Prophylaxis against deep venous thrombosis should be performed prior to the induction of anesthesia and may include subcutaneous heparin or one of the low molecular weight heparin agents. In addition, graded lower extremity compression stockings and sequential pneumatic compression devices also should be applied intraoperatively and their use should be continued postoperatively until the patient is walking.

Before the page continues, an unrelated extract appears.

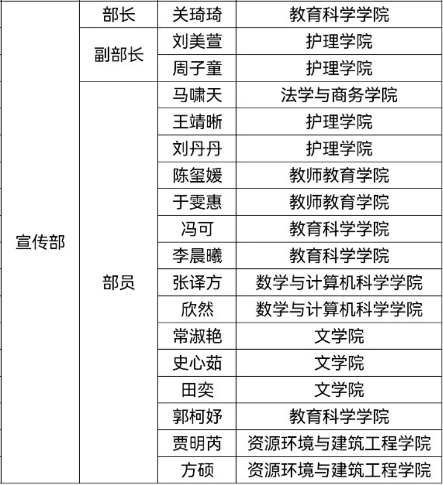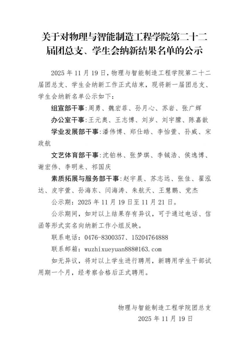 2025年11月19日,物理与智能制造工程学院公示第二十二届团总支、学生会纳新名单,涵盖多个部门,公示期至21日。

Surgery is the primary treatment of localized colon cancer and in many cases will be the only treatment that is necessary. The surgical principles for resectable, nonmetastatic colon cancer include colectomy with complete, en bloc removal of regional lymph nodes following the principles of oncologic resection. These principles are:
Resection of the cancer-containing bowel and the wedge of mesentery associated with the arterial supply of the affected segment, including the regional lymph nodes
Ligation of the feeding vessel at its origin
Removal or biopsy of suspicious lymph nodes that are located outside the field of resection
Unresected positive lymph nodes indicate an incomplete resection
Minimum proximal and distal resection margins are 5 cm
A minimum of 12 mesenteric lymph nodes should be found and examined for accurate staging
No specific margin is recommended for clearance of the terminal ileum for patients with right colon cancer undergoing resection other than that defined by vascular supply because mural spread to the ileum is rare.